The scaries

1. Le Mesnil, La Rochette (Apakabar Homestay)

Address : 37 avenue du Général Leclerc, La Rochette - 8 min walk from Melun station

Located at the exit of Melun on the national road leading to Fontainebleau stands an atypical residence that evokes Grimm's fairy tales or Snow White's house. Built in 1934 by the Parisian architect A. Dumesny, this Neo-Norman style house was named Le Mesnil. It was designed on the model of the other "Affolantes" on the banks of the Seine: a first floor in cut stone, raised by a few steps, supports a half-timbered second floor in the color of wine, while the three rooms on the second floor were built under the converted attic.
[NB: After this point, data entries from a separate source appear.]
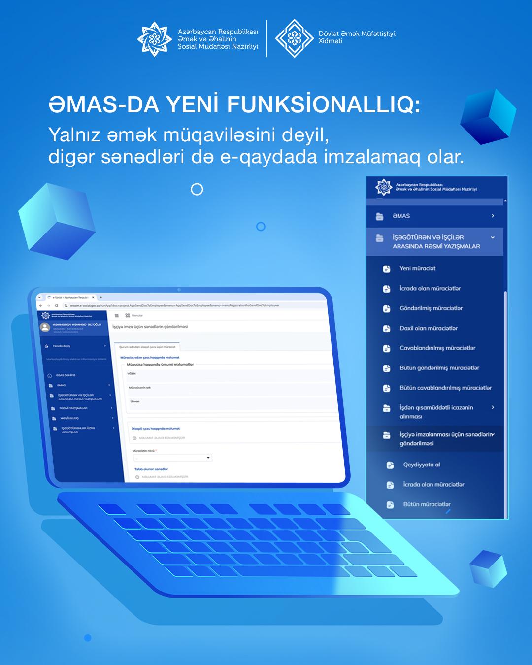 ƏMAS-da yeni funksionallıq: yalnız əmək müqaviləsini deyil, digər sənədləri də e-qaydada imzalamaq olar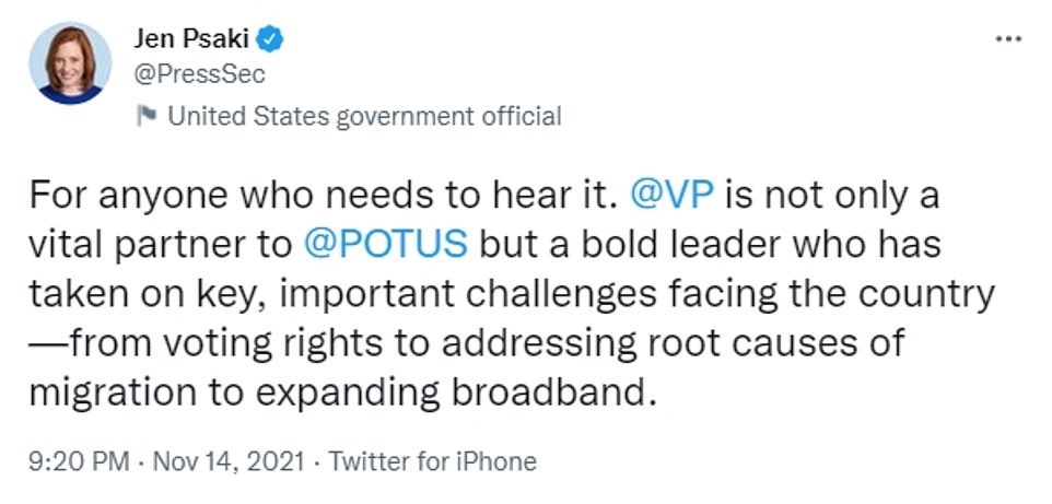 El domingo por la noche, el secretario de prensa de la Casa Blanca, Jenn Psaki, pareció responder al informe de CNN con un tuit furioso insistiendo en que Harris es un «socio vital» y «un líder audaz que ha asumido los desafíos clave e importantes que enfrenta el país, desde el derecho al voto hasta abordar las causas profundas de la migración y la expansión de la banda ancha».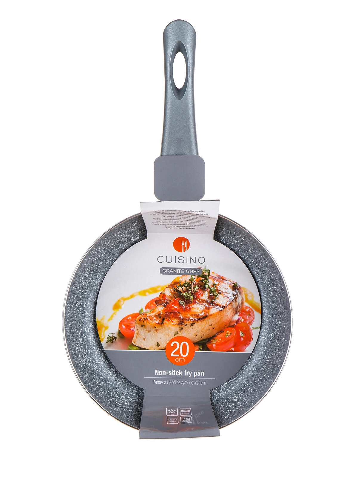 Ontdek de betrouwbare en praktische CUISINO Granite Grey pan met een diameter van 20 cm en een hoogte van 4,5 cm. Dankzij de twee-laagse antiaanbaklaag branden gerechten niet aan en is de pan eenvoudig te reinigen. Het aluminium lichaam zorgt voor een snelle opwarming en gelijkmatige warmteverdeling, zodat u telkens uitstekende resultaten behaalt.

The complex silhouette of the ensemble makes the house picturesque, especially the small turret that surmounts the imposing main entrance, which is richly decorated with flowers in the summer. After having served as a medical house, "la maison du Docteur Jougleux", the building was completely renovated in 2018 to be transformed into a guest house and gîte. Le Mesnil was thus renamed Apakabar Homestay (, this strange word meaning "How are you?" in Indonesian. The mistress of the place is indeed Javanese and welcomes you in an exotic atmosphere with the colors of Bali, Java or Borneo.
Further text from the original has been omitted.